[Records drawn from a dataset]
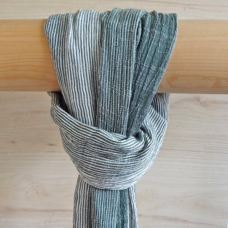 Zachte, prettig draagbare, sjaal met streep verloop. Een leuke sjaal om nonchalant te dragen.
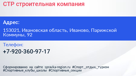 СТР, строительная компания по адресу 153021, Ивановская область, Иваново, Парижской Коммуны, 92 в дальнейшем Организация, размещена в следующих категориях:
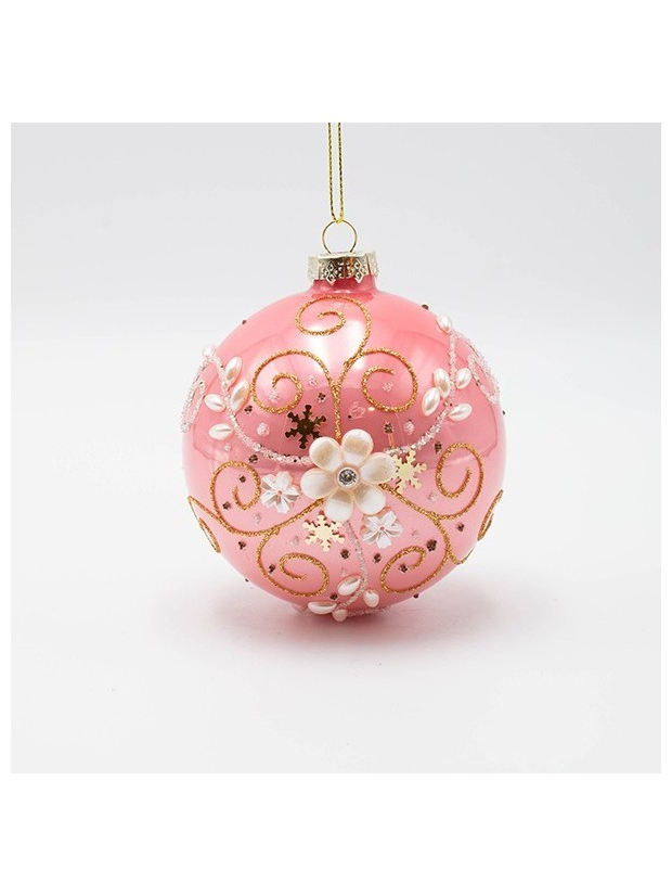 Γυαλινη Μπαλα, ροζ με Λευκο Περλε Λουλουδι, σετ 4τμχ, 10cm
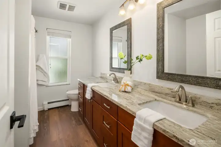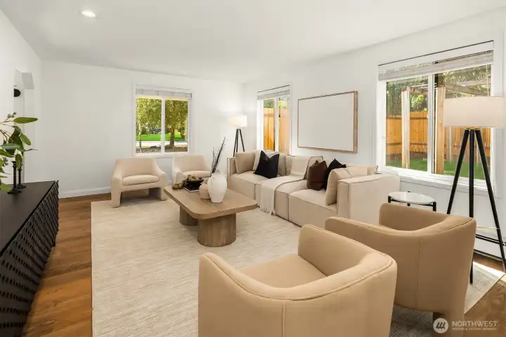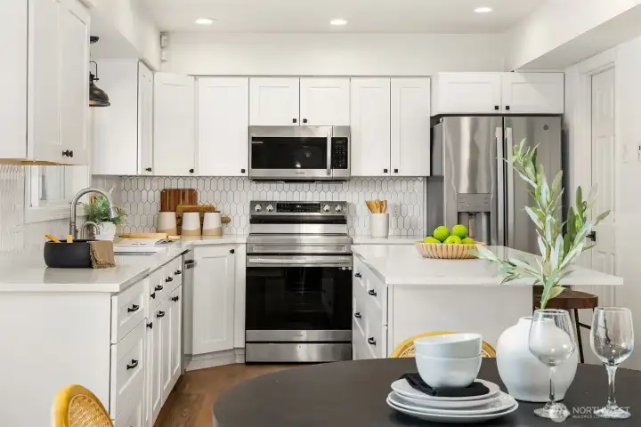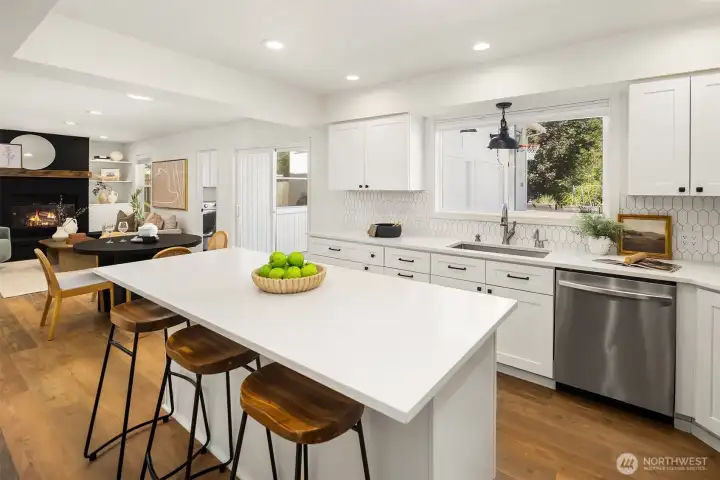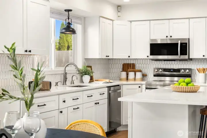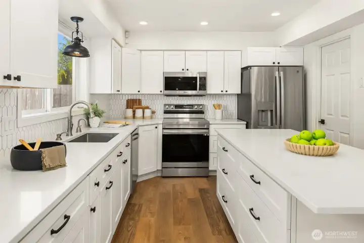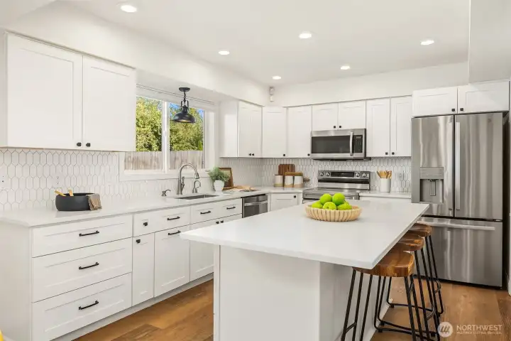 Intimately nestled on a tranquil cul-de-sac and just moments from the lush Soos Creek Trail, this Kent stunner spans across 3,020sqft of fully renovated living space and sited on a generous ¼-acre lot. Offering 5 bedrooms, 3½ baths—including a luxe guest suite above the garage (generates $2k a month in rental income). Professionally reimagined, show-stopper kitchen flaunts, designer picket-tile backsplash, and full suite of stainless appliances. Outside, the ambiance continues—fruit tree-dotted landscaping, greenhouse, expansive gated parking for RVs or toys, workshop with power, and total privacy among mature growth. Prime location with seamless access to I-5, 405, 167, shopping, major employers and highly rated schools.
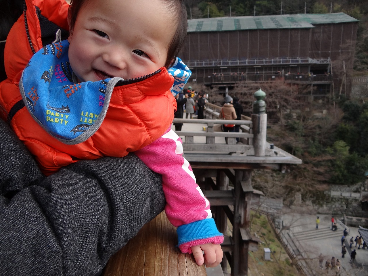 今日は家族と一緒に京都の清水寺に行ってきました。前に来た時はおチビはお腹の中でしたので今回で2回目なのかな?とりあえず、恐る恐る下を眺めておりました。

▸ **Directions for this task**
Please repeat every record above exactly, leaving the pictures out.

▸ **Result for this exercise**
 Zachte, prettig draagbare, sjaal met streep verloop. Een leuke sjaal om nonchalant te dragen.
 СТР, строительная компания по адресу 153021, Ивановская область, Иваново, Парижской Коммуны, 92 в дальнейшем Организация, размещена в следующих категориях:
 Γυαλινη Μπαλα, ροζ με Λευκο Περλε Λουλουδι, σετ 4τμχ, 10cm
 Intimately nestled on a tranquil cul-de-sac and just moments from the lush Soos Creek Trail, this Kent stunner spans across 3,020sqft of fully renovated living space and sited on a generous ¼-acre lot. Offering 5 bedrooms, 3½ baths—including a luxe guest suite above the garage (generates $2k a month in rental income). Professionally reimagined, show-stopper kitchen flaunts, designer picket-tile backsplash, and full suite of stainless appliances. Outside, the ambiance continues—fruit tree-dotted landscaping, greenhouse, expansive gated parking for RVs or toys, workshop with power, and total privacy among mature growth. Prime location with seamless access to I-5, 405, 167, shopping, major employers and highly rated schools.
 今日は家族と一緒に京都の清水寺に行ってきました。前に来た時はおチビはお腹の中でしたので今回で2回目なのかな?とりあえず、恐る恐る下を眺めておりました。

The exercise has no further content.